The New Jersey governor's election is less than two weeks away, and it deserves far more attention than I have been giving it. Nevertheless, I will now belatedly share some thoughts that have been stewing in my head.
Here is a snapshot of the race, taken on October 25th:
There are several unmistakable trends here. The challenger Attorney Chris Christie gains a double-digit lead over the incumbent, for fairly obvious reasons. Then, mysteriously, he proceeds to lose it. Incumbent Governor Jon Corzine's share of the vote mostly remains flat but - and this is important - trends slightly upward. While the two main candidates blast each other, third-party candidate Chris Daggett draws support at an accelerating rate.
Mr. Corzine's positive trend should encourage Democrats; it indicates that he is actually building support, not just tearing down Mr. Christie. In addition, expect Mr. Daggett to overperform on election day as he reaches viability. Normally, third-party candidates perform below their polling; this election, however, with both major candidates highly unpopular, constitutes anything but a normal situation.
The strangest and most interesting part of the campaign, however, has been the story of Mr. Christie.
Though most polls are showing the New Jersey governor's race to be dead even between incumbent Democratic Governor Jon Corzine and former U.S. Attorney and Republican challenger Chris Christie, a new poll by Suffolk University signals that Corzine (42 percent) leads comfortably over Christie (33 percent), with independent Chris Daggett trailing with 7 percent. Three percent of voters selected among the other nine independent candidates listed on the ballot, and 14 percent were undecided.
The high proportion of undecided voters at this late stage in the game suggests this could be a low-turnout affair -- one that could only serve to enhance the traditional advantage the Democrats have in New Jersey.
Considering that this is the second poll showing Republican Chris Christie falling to the low 30s -- a New Your Times survey of registered voters in the state found Christie with just 30 percent support last week -- the window of opportunity for the Republican may be closing rapidly. And headlines like "A questionable hiring by Christie raised concern among prosecutors in U.S. Attorney's office" from the state's largest newspaper aren't likely to help, either. One week out from election day in New Jersey, things are most certainly looking down for the GOP.
New Jersey's Democratic Governor Jon Corzine now has his first lead in the Pollster.com trend estimate since November 2008 -- and it doesn't even include the latest Democracy Corps (D) poll, which like today's Rutgers-Eagleton Poll shows him leading Republican Chris Christie by 3 percentage points.
Real Clear Politics, which has also yet to add in the Democracy Corps survey, puts Corzine up by a similar 39.3 percent to 39.1 percent margin over Christie, with Independent candidate Chris Daggett pulling in 14.9 percent support. If you add in the latest poll to their average, Corzine's lead inches up to 39.625 percent to 39.125 percent -- a half percentage point lead -- with Daggett at 14.625 percent.
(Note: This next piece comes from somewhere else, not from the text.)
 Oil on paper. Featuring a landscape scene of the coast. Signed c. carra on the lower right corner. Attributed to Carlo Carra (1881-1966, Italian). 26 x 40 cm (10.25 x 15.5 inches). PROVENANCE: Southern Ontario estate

Update [2009-10-22 17:22:17 by Jonathan Singer]: With the new numbers added in, Corzine now leads 40.2 percent to 39.6 percent per Pollster.com -- or a 39.6 percent to 38.7 percent lead with the smoothing turned on more sensitive.
Republican Chris Christie is absorbing yet another opposition research hit today in the New Jersey Governor race.
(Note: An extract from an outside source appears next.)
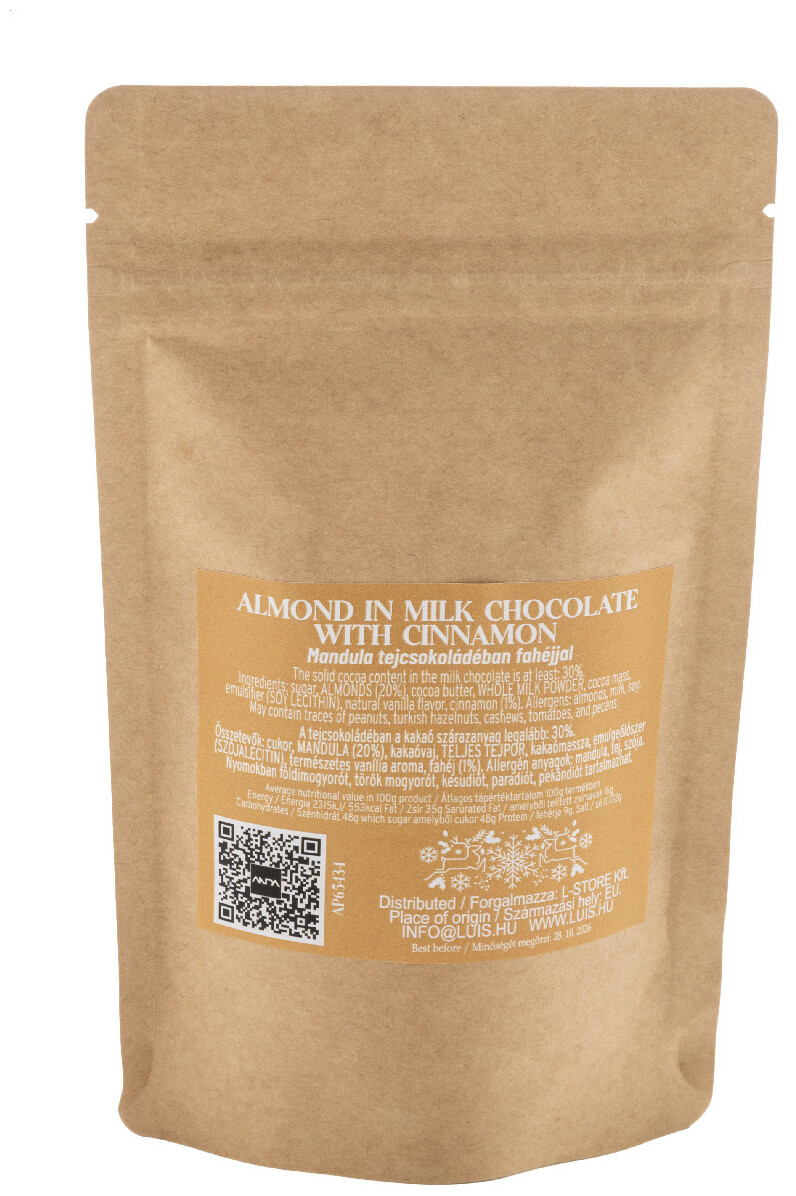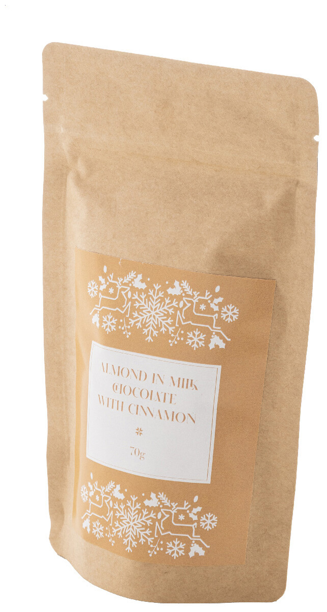 Mandle obalené mléčnou čokoládou a skořicí v přírodním kraftovém papírovém sáčku. 70 gramů.

"Listen, I plead guilty to having raised money for Governor George W. Bush because I thought he was the best person to be President of the United States. And I did it in a completely appropriate fashion and enthusiastically for the President. And there's no mystery to the fact that I was appointed to this job because, in part, I had a relationship with the President of the United States"
"Anybody who receives a political appointment -- I am a political appointee -- there's going to be some measure of politics involved with that appointment."
The more New Jersey voters recognize that Christie is not a nonpartisan good government type but rather a fierce partisan who has, at the least, taken some highly questionable actions with regards to his previous office, the less they like him. And with pre-election polling in the Garden State traditionally and notoriously overstating the strength of Republican candidates, this race continues to look more and more winnable for Democratic incumbent Jon Corzine.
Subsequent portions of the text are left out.